Portugal’s golden visa isn’t what it used to be — and for many people, that’s an improvement. The big change came with the Mais Habitação (“More Housing”) law in 2023, which scrapped property purchases as a route in, aiming to take pressure off house prices. The money simply moved elsewhere.
The star: investment funds
Today the most-used path is CMVM-regulated funds. The ground rules: invest at least €500,000 in a fund with a minimum five-year maturity that puts at least 60% of its capital into Portuguese companies. Funds with any direct or indirect tie to real estate are out.

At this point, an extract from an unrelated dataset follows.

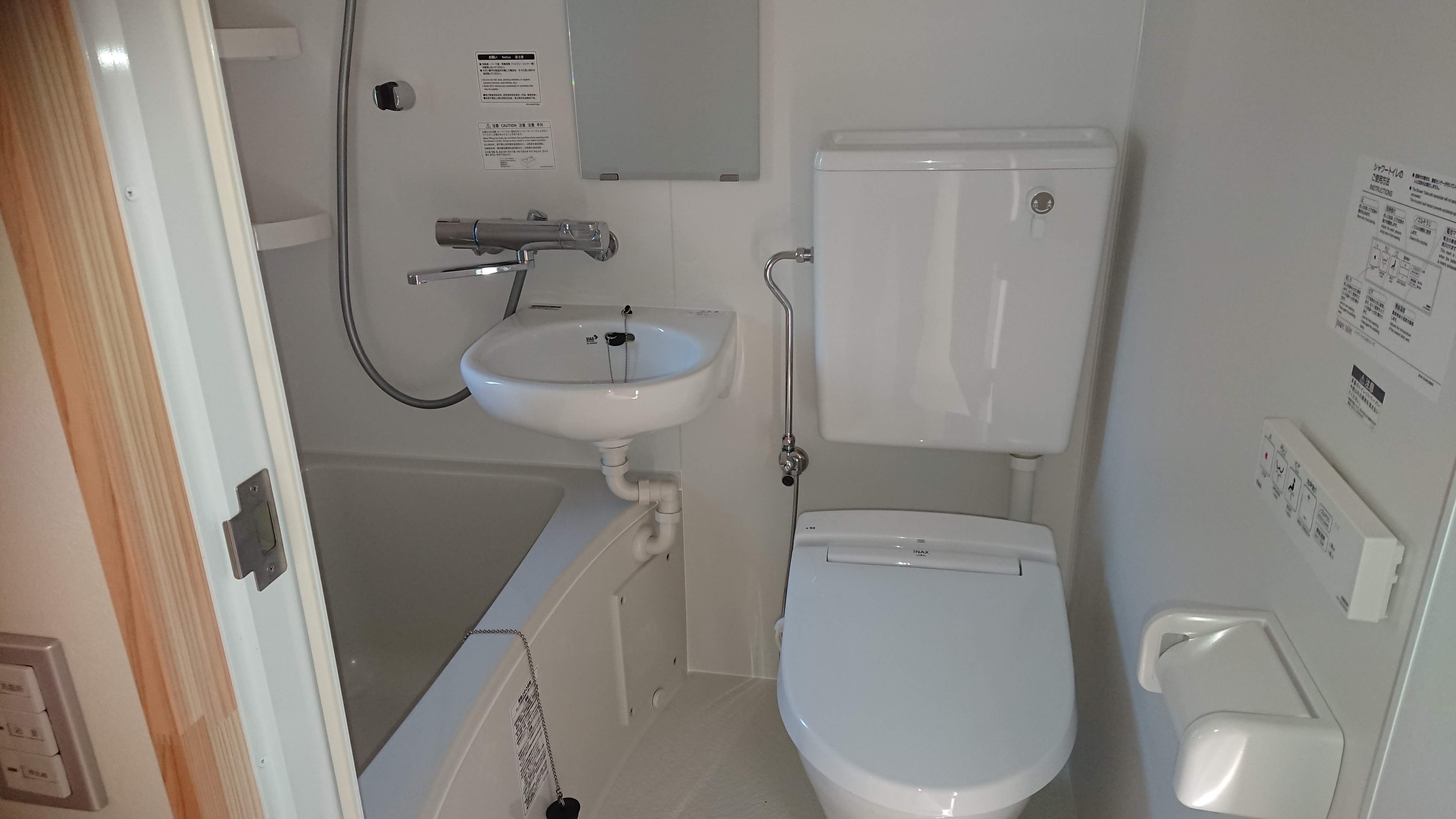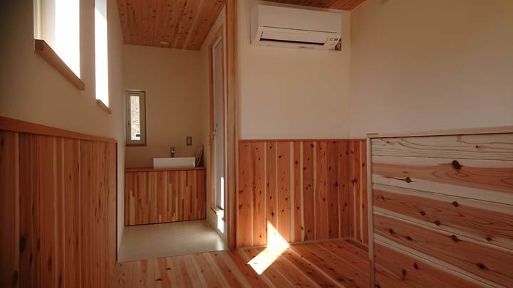 2階 ベッドを置くことができるスペースとお風呂、トイレなどがあります。エアコン設置済。

You can split the investment across more than one fund, as long as the total reaches €500,000. And there’s a real perk: the golden visa asks for only a minimum stay of seven days a year in Portugal — handy if you’re not ready to move yet.
The other doors
Beyond funds, you can still qualify through support for culture and the arts, scientific research, job creation and business investment. Less popular, but still on the table.
The catch
Between 2019 and 2024, eligible funds drew roughly €260.85 million — proof the model caught on. The hard part isn’t getting in, it’s waiting: golden visa files sit at the back of AIMA’s queue. Anyone investing now should budget patience. Right funds, realistic expectations — and independent advice before you sign anything.